Vulvar vestibulitis is characterized by a telltale patch of skin at the vaginal opening that is extremely sensitive to the gentlest tap with a cotton swab; and vulvodynia is marked by persistent pain and burning in the external genitalia, making it impossible for a woman to wear closely fitting pants or jeans, engage in sexual intercourse comfortably, or even sit comfortably.

Signs and symptoms associated with prolapsed structures, ovarian or pelvic vein varices, and endometriosis are presented elsewhere in this chapter. STDs, hernia, and GI disorders, including hemorrhoids, are presented in other chapters in this text. Other symptoms of pelvic floor dysfunction may include low back pain that is intermittent and unpredictable, changing locations often and difficult to reproduce; groin pain with hip and knee flexion; sharp rectal pain; painful intercourse with penetration or inability to penetrate; extreme rectal pressure during intercourse; urinary or bowel incontinence; abnormal vaginal discharge; and pubic bone pain or tenderness.

Overview

The three types of pelvic floor disorders discussed here are cystocele, rectocele, and uterine prolapse. A cystocele is a herniation of the urinary bladder into the vagina (Fig. 20-9, A and B). A rectocele is a herniation of the rectum into the vagina (Fig. 20-9, C and D) in which part of the rectum protrudes into the posterior wall of the vagina, forming a pouch in the intestine. A uterine prolapse is the bulging of the uterus into the vagina (Fig. 20-10).

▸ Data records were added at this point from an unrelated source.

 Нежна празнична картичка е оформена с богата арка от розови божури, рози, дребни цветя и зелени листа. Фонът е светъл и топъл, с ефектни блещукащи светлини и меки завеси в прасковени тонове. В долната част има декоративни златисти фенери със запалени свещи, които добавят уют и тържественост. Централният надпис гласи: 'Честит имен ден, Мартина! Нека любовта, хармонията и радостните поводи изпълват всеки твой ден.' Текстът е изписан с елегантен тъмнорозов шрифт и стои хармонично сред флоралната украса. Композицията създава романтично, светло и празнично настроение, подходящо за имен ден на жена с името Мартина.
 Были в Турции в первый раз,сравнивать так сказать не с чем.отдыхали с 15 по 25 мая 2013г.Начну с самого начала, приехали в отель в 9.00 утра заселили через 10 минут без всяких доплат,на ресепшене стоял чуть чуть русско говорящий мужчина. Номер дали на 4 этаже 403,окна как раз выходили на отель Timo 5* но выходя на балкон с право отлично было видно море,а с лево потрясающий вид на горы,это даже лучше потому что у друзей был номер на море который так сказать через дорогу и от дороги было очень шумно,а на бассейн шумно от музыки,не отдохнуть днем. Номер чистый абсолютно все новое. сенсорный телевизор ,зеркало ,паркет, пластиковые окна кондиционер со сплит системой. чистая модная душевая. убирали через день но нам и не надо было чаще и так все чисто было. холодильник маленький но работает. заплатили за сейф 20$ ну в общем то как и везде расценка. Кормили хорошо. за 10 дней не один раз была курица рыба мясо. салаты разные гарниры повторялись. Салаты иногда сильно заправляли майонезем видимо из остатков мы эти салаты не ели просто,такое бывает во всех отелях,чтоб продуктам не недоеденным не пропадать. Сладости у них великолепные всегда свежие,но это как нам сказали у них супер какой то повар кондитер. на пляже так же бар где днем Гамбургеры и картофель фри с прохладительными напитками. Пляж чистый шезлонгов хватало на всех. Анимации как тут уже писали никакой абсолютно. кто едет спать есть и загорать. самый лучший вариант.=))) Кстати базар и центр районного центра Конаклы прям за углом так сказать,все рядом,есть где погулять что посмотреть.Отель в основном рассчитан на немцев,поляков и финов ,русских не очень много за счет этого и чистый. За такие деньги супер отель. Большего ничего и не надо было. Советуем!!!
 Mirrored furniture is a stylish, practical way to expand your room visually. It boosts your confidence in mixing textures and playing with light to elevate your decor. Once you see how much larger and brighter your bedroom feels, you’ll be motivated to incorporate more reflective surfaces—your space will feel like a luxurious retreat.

Other types of pelvic floor prolapse may include cystourethrocele (bladder and urethra prolapse into the vagina), urethrocele (bladder neck prolapses into the vagina), enterocele (part of the intestine and peritoneum prolapses into the vagina), and vaginal vault prolapse (the apex of the vagina prolapses, occurring sometimes after a hysterectomy).

Etiologic and Risk Factors

Cystocele, rectocele, and uterine prolapse are a result of pelvic floor relaxation or structural overstretching of the pelvic musculature or ligamentous structures. Multiple pregnancies and deliveries combined with obesity increase the risk of these disorders developing. Prolonged labor, bearing down before full dilation, and forceful delivery of the placenta are possible causes of prolapse. Trauma to the pudendal or sacral nerves during birth and delivery is an additional risk factor.

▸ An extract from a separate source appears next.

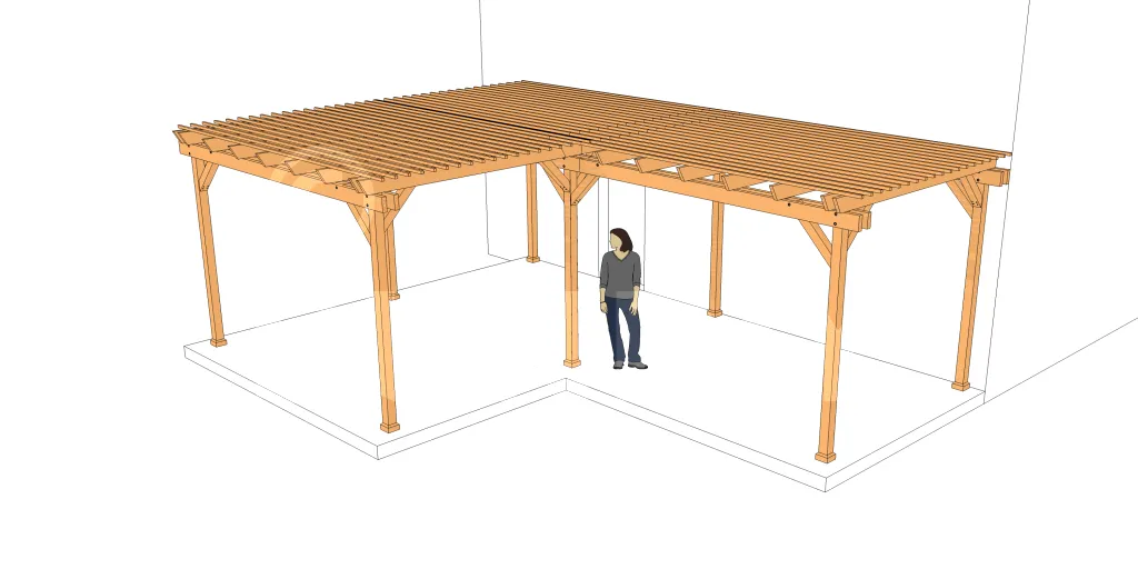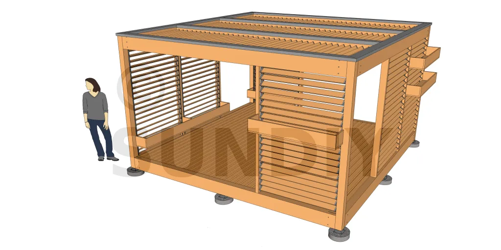 Eine Bibliothek von SKETCHUP-Komponenten "Spezielle Holzkonstruktion" zur schnellen Modellierung Ihrer Pergola

Decreased muscle tone because of aging, complications of pelvic surgery, or excessive straining during bowel movements may also result in prolapse of some or all of these structures. Pelvic tumors and neurologic conditions, such as spina bifida and diabetic neuropathy, which interrupt the innervation of pelvic muscles, can also increase the risk.

Pathogenesis

The uterus and other pelvic structures are maintained in their proper position by the uterosacral, round, broad, and cardinal ligaments. The pelvic floor musculature forms a slinglike structure that supports the uterus, vagina, urinary bladder, and rectum (see Fig. 20-7). Multiple pregnancies and deliveries progressively stretch and potentially weaken or damage these important structures.

Cystocele occurs when the muscle support for the bladder is impaired. This allows the bladder to drop below the uterus. Over a period of time the vaginal wall will stretch and bulge downward. Eventually the bladder can herniate through the anterior vaginal wall and form a cystocele. A rectocele occurs when the posterior vaginal wall and underlying rectum bulge forward. Eventually protrusion occurs through the introitus as the supporting structures continue to weaken. Uterine prolapse occurs when the supporting ligaments become overstretched.